Without drive-thoughs or ordering counters, ghost kitchen cuisine cannot be picked up; it must be delivered to a specific address. If a customer will not be around at the time of delivery, the food will sit and may get cold or be stolen. Thus, the convenience of delivery apps may be overstated; people out-and-about during the day are more likely to prefer venues where they can swing by and pick up food.
High Risk and Low Profit Margins May Dissuade Workers
Established restaurants and popular brands are likely to be seen as reliable employers by prospective cooks. Those willing to work for a ghost kitchen must have a higher degree of risk tolerance and, often, work for lower wages. Some may worry that the lack of a storefront could lead the owners to skimp on cleanliness and safety, knowing that customers will not see poor conditions and report them. Others may worry that lack of brand recognition could make it more difficult for them to secure their next job; employers may hesitate to hire cooks from restaurants they have never heard about.
Current State of the Market: Restaurants Struggling
The entire restaurant industry, including ghost kitchens, is struggling in the latter part of 2025 due to consumer fears of a weakening economy.
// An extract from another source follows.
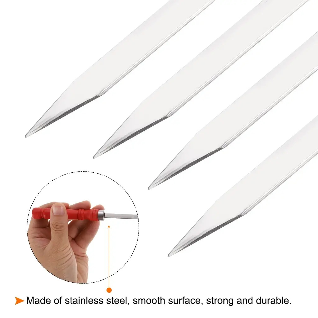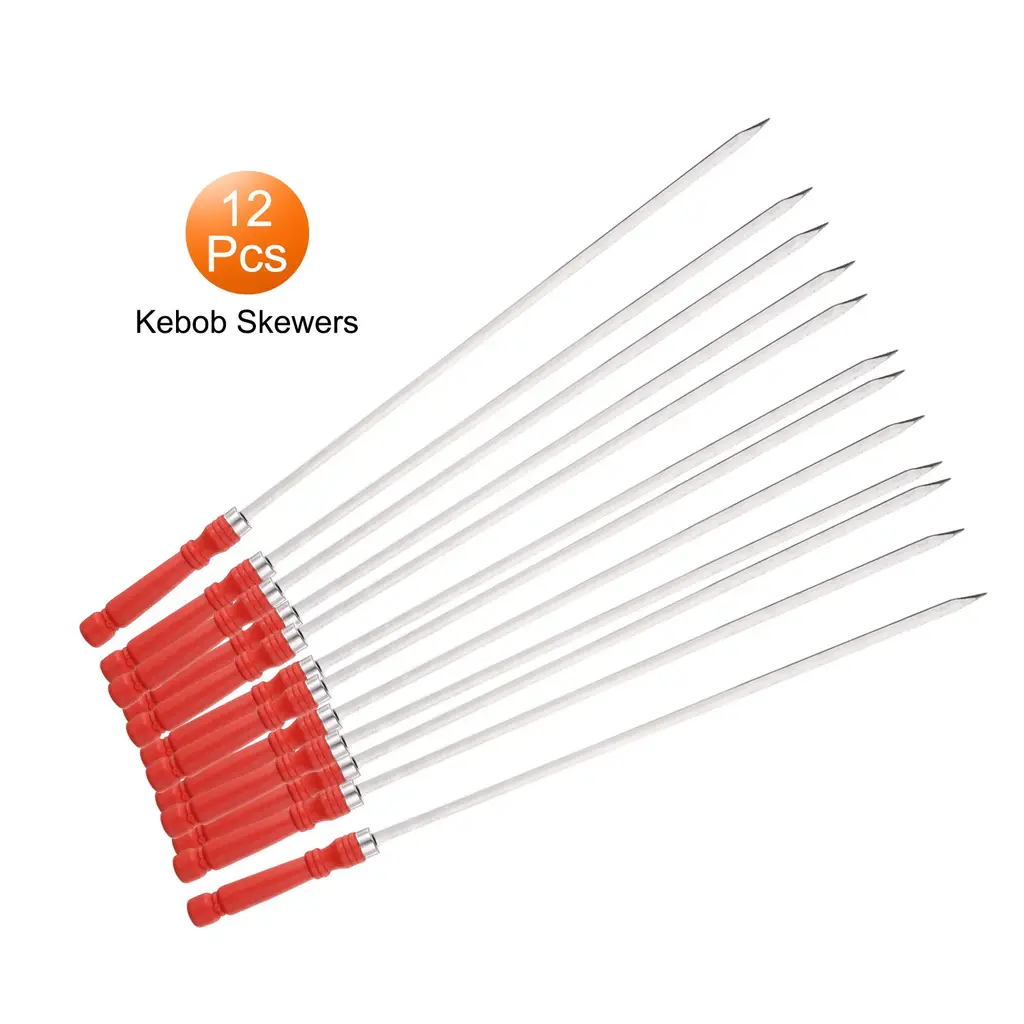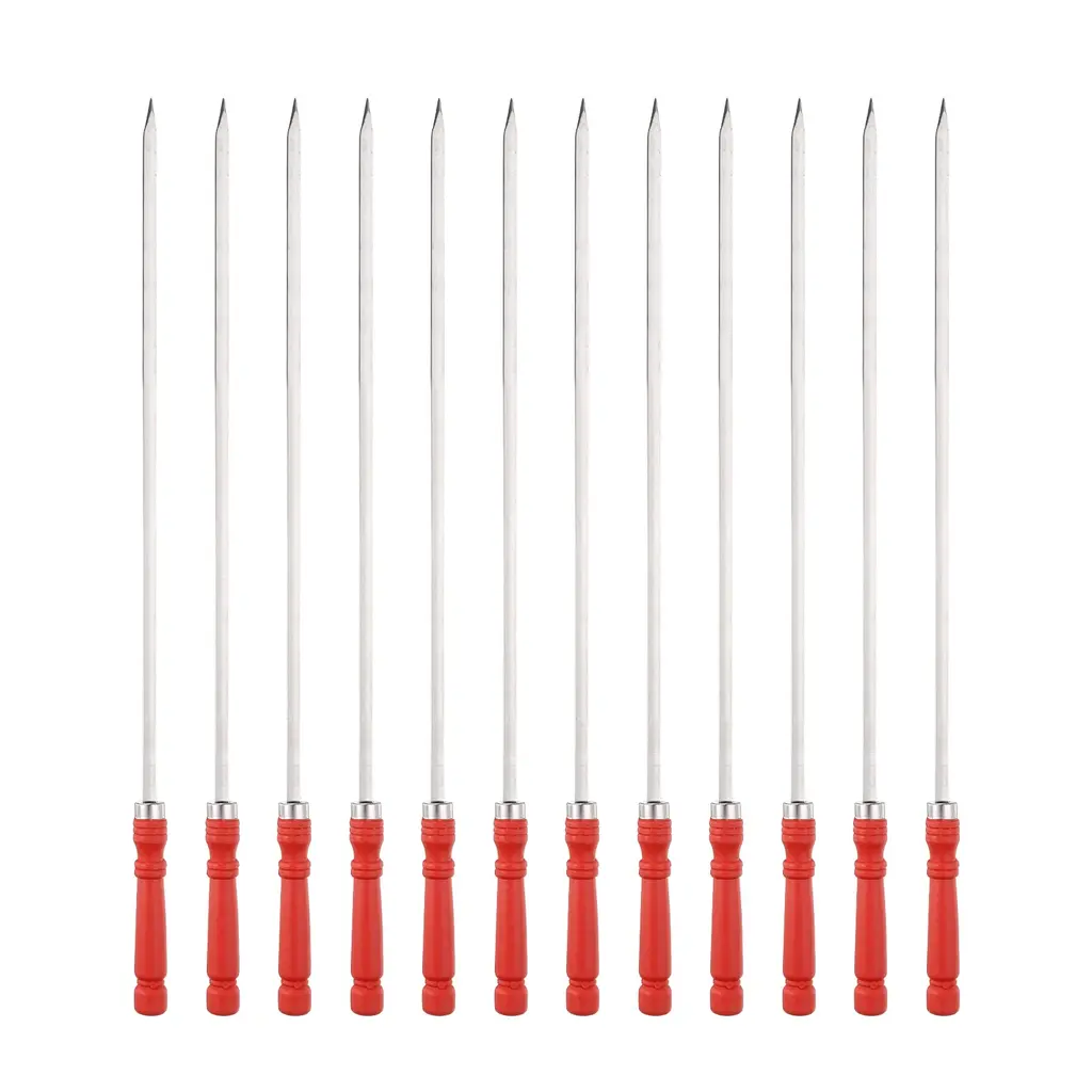 12pcs Kebob Skewers 40cmx5.92mmx1.66mm Flat Stick With Red Grip Handle - Silver

As non-essential spending, restaurants are among the first line-items to be reduced in family budgets. High inflation in the years since 2020 have increased costs on restaurant owners, with supplies costing more and employees demanding higher wages to maintain their own purchasing power. Attempts to cut costs by using cheaper or fewer ingredients has led to some customer complaints, including accusations of shrinkflation - the price stays the same but the quantity is reduced compared to previously. This has led to reduced consumer demand even when prices have not risen; why eat out when you’re getting less than you were a year ago?